Saya harus akui bahwa doktrin Tritunggal terbentuk melalui proses dan perdebatan yang panjang. Tetapi yang saya maksud dengan proses dan perdebatan di sini bukanlah berarti konsep doktrin Tritunggal itu sama sekali tidak diajarkan oleh Alkitab sehingga kemudian dibuat melalui perdebatan dan berproses selama beberapa abad dan pada abad ke-4 oleh sebuah konsili Nicea dan Konstantinopel menjadi bagian dari doktrin kekristenan yang diyakini oleh mayoritas denominasi Kristen sampai hari ini. Sebaliknya, saya bisa meyakinkan Anda bahwa Alkitab mengajarkan konsep Tritunggal tersebut melalui tulisan ini. Nah, bagaimana proses dan perdebatan terjadi? Saya akan ulas dalam 2 bagian yaitu aspek teologis berdasarkan terang firman Tuhan dan sejarah gereja purba. 

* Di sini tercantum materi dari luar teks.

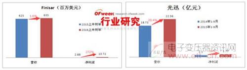 光器件子行业在光通信产业链上竞争最为激烈,全球全十的供应商占到全球市场份额的63.22%。除了排名第一的Finisar超过全球市场份额的10%,其他都低于10%。国内供应商的市场份额都有所上升,中国已经有两家企业进入全球前十。光迅更是首次超过Oclaro进入全球前五,市场份额达到5.36%。

Aspek Teologis: Wahyu Allah Yang Bersifat Progresif 

Di dalam teologi reform, ada yang disebut wahyu Allah yang bersifat progresif. Nah, doktrin Tritunggal dikategorikan sebagai wahyu tentang diri [hakekat] Allah yang dinyatakan kepada manusia secara progresif. Apakah maksud dari progresif? Pemahaman wahyu yang bersifat progresif adalah wahyu yang sifatnya semakin lama semakin jelas dimengerti oleh manusia seiring dengan berjalannya waktu dan pemahaman manusia akan Alkitab berdasarkan pencerahan dari Roh Kudus.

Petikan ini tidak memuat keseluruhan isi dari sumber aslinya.